2.3. Bioprinting Platform

A custom microvalve-based cell printing mechanism has been developed [37,38] that is capable of delivering cell suspensions with nanolitre resolution. This new system has a significantly reduced footprint to suit operation within a biohood (Figure 1). Living cells pass through the delivery system. We previously demonstrated that the delivery process was capable of printing human pluripotent stem cells without affecting their key biological functions, including pluripotency and post-printing differentiation into hepatocyte-like cells with albumin secretion and morphology similar to hepatocytes [38].
Unless otherwise stated, standard printing conditions were used: 2D printing was carried out using a pulse duration of 8 ms with an inlet pressure of 0.6 bar using a nozzle with an internal diameter of 101.6 µm; 3D printing was carried out using a pulse duration of 400 µs with an inlet pressure of 1.0 bar for sodium alginate solution and a pulse duration of 400 µs with an inlet pressure of 0.5 bar for calcium chloride solution, both using nozzles with an internal diameter of 101.6 µm.

2.4. Substrate Modification

To reduce the number of cells required while maintaining cell density, the areas that cells could occupy were reduced by employing traditional microfluidic techniques (Figure 2).
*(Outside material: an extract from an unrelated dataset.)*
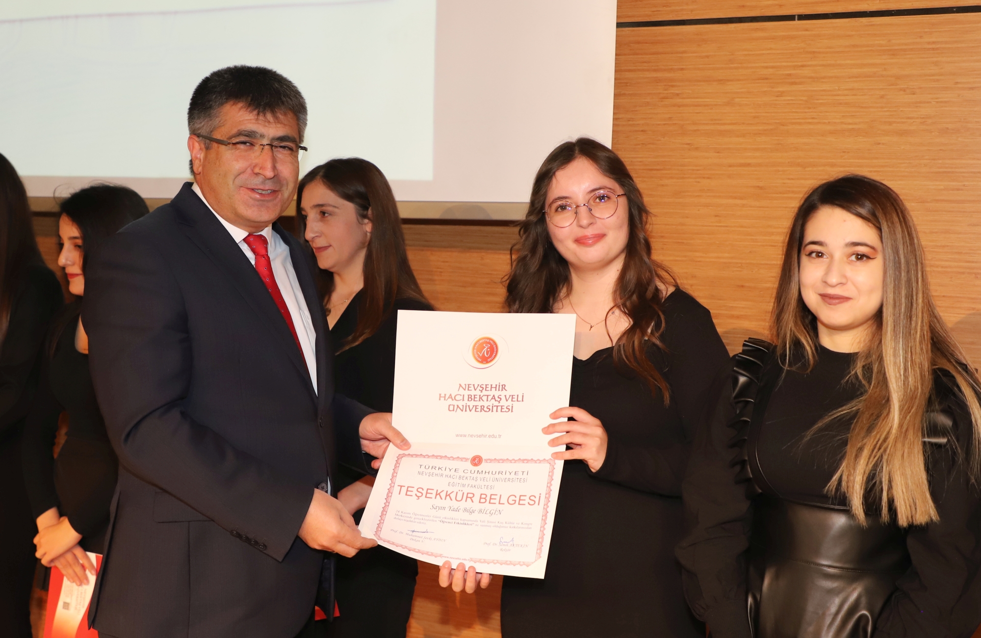 Program sonunda öğretmen adayı öğrencileri böyle anlamlı bir günde sergilemiş oldukları performanslarından dolayı tebrik eden Rektör Prof. Dr. Semih Aktekin, kendilerine teşekkür belgesi verdi.

Briefly, a layer of Ordyl 940 photo-resistive film (40 μm thick) was applied to a glass-bottomed culture dish (P35G-0.170-14-14C, MatTek, Bratislava-Ružinov, Slovakia). A micro-lithography photo mask defining the required pattern was placed over the top of the film. The 3-layer assembly was exposed to UV light for 2 s and then left to stand for approximately 20 min. The mask was then removed, and the glass culture dish was washed in developer solution, leaving behind the exposed pattern, which was then baked under the UV light for a further 3 min. The glass culture dish was treated with oxygen plasma etching to remove organic contaminants from the surface followed by immediate immersion in deionised (DI) water to form hydroxyl groups. The surface was further treated with 1 mL at 2.5 mM of Octadecyltrichlorosilane (OTS) solution, which was allowed to dry under ambient conditions. The modified surfaces exhibited super-hydrophobic behaviour.
The modified substrate was coated with fibronectin and the hiPSC-CMs were plated following the protocol described in Section 2.1. The cell density was kept to 156,250 cells/cm2. The aim of this study was to establish the minimum area able to provide the voltage signal for measuring tissue behaviour.
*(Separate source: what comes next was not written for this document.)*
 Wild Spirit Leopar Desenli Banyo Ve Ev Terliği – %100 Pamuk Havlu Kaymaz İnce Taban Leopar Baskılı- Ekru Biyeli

2.5. High Sensitivity Physiological Function Measurement

hiPSC-CMs were plated in glass-bottomed 96-well plates using the bioprinter or a multichannel pipette, method used as a control. The electrophysiology was assessed using the multi-parametric platform CellOPTIQ® (Clyde Biosciences, Ltd., Newhouse, Glasgow, UK) [39,40,41,42] The spontaneous electrical activity was recorded in cells previously loaded transiently with the voltage sensitive dye Di-4-ANEPPS (4 µM, 1 min, room temperature). Intracellular calcium was measured in cells transiently loaded with the fluorescent Ca2+ sensor Fura 4f-AM (3 µM, 30 min, 37 °C). Both fluorescence measurements were ratiometric and used a sampling rate of 10 kHz and 0.5 kHz, respectively [43]. The contractility data was recorded on the same platform using a digital camera (ORCA-Flash4.0, Hamamatsu Photonics (UK) Ltd., Welwyn Garden City, UK) to record high resolution images at 0.1 kHz. The baseline electrical activity was recorded from independent wells (200 × 200 µm area, with approximately 25–30 cells in the selected area) for 20 s [36]. Data was analysed offline using CellOPTIQ® software. The absolute values were normalised as percentage change of the baseline.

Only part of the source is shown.